The state of mathematics in South Africa
South African secondary schools don’t offer courses a la carte like many American high schools do. Instead, starting at grade 10 there are two or three tracks. Students who want to be doctors will study math and science, those who want to be handling money in some fashion will study math and business, and everyone else takes the more practical and less technical mathematical literacy course, as well as less esteemed subjects like history.
I don’t formally teach any of those math courses but sometimes learners who are studying math as opposed to math literacy (there are about 10 of them in each grade) will ask me to help them with something, more often than not an assignment that’s due tomorrow, and we’ll grab an empty classroom. I don’t mind because even though it’s not my responsibility, I’d rather work with those who want my help than with those who are content to skate by at 30%, the passing score in most South African classes. Sad that someone who waits until the last minute to do their homework passes for a motivated student when sitting beside someone who doesn’t even copy down the assignment.
This isn’t what this post is about, at least not directly, but I have the most upsetting time trying to teach negative numbers to my class of 73 grade 8 learners. Sometimes in math education, we tell students something is impossible as a way of saying we’ll deal with it later. In 2nd grade we say that 2 – 3 is impossible, and only later we reveal that it is possible, we just have to use these things called negative numbers to describe it. We might say that it’s impossible to take the square root of 2, and then change our minds and say we can do it, the answer will just be irrational. Likewise, we have the power to take the square root of negative numbers. We just have to call them imaginary. After all the time I spent regressing to talking about negative numbers when the curriculum calls for topics more appropriate for grade 8, I still have learners who write on the test that “6 – 7 = impossible”. It’s like a lump of clay that was left out in the sun to harden before it was sculpted all the way because the sculptors were incompetent or lazy.

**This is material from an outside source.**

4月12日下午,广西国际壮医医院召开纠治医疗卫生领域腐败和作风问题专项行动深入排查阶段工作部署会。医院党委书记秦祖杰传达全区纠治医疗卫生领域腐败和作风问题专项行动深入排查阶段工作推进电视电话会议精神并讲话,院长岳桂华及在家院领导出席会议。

So I was with this class, I think it was grade 10, and I’m not sure what they were supposed to be doing at that time but their math teacher was attending a life skills presentation for grade 8. They had this algebra worksheet, moving numbers around and solving for x. A little complex but still solvable by just following the rules.
I copied a problem on the board as the impromptu class began to fill. One girl walked in carrying a grasshopper, pinching it by the body.

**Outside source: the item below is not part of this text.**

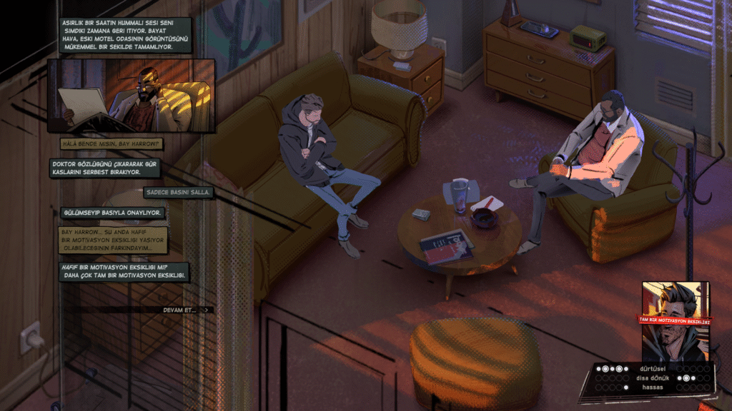 - Anı Saklama: Oyunun önemli bir mekaniği olan anılar, bir grafikte saklanır ve Rue Valley Motel‘de yeni zihniyetlerin kilidini açmaya ve ana karakteri geliştirmeye yardımcı olur.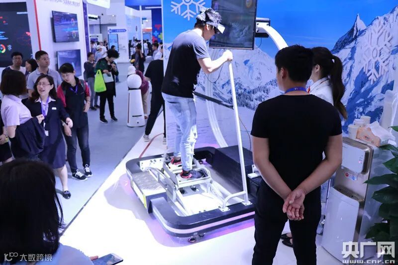 市民体验VR滑雪,在第三届世界智能大会展区内市民可以佩戴眼镜亲身感受仿佛在赛道滑雪,这种体感游戏已经逐步普及。央广网记者 刘阳 摄

“What are you going to do with that?” I asked as the grasshopper slowly cycled its legs.
“I’m going to eat it.”
“Fine, let’s see you eat it. Ilani.”
“No, not yet. I have to take it home and boil it and fry it.”
“Well, what would you do if you have to use your hands, like solving this problem on the board?” I asked, proffering her the chalk.
“Then I will put it in my pocket.” And she did. Right in her shirt pocket. And it stayed there.
She took the chalk and stared at the board. She made some tentative moves to write something as the grasshopper took tentative steps up her shirt. Seeing that no one had any clue where to start, I let her sit down and showed them how to work the problem.
This was interrupted for a few minutes when I was talking about parentheses and they wanted to call them brackets. The argument ended when someone pulled out a dictionary and looked up parenthesis (“Eish! Our teacher cannot teach us right because he calls them brackets!”), but the real end to the argument was when we agreed we should stop looking up words and focus on solving math.
I finished the problem and let one of the boys take a crack at solving the next one on the board. I took the photo of the grasshopper below while he was working, and when I looked back up, he had committed a fatal error such as adding 12x + 2 to get 14x. “Fatal error” is a phrase I learned from my Calculus II professor. He explained it as like when your computer gets a blue screen.
I showed them how to do it right, of course, and since they’re not my class I can only hope they’ll retain it. That’s the state of mathematics in South Africa. Lacking in foundations and full of grasshoppers, but they’re trying.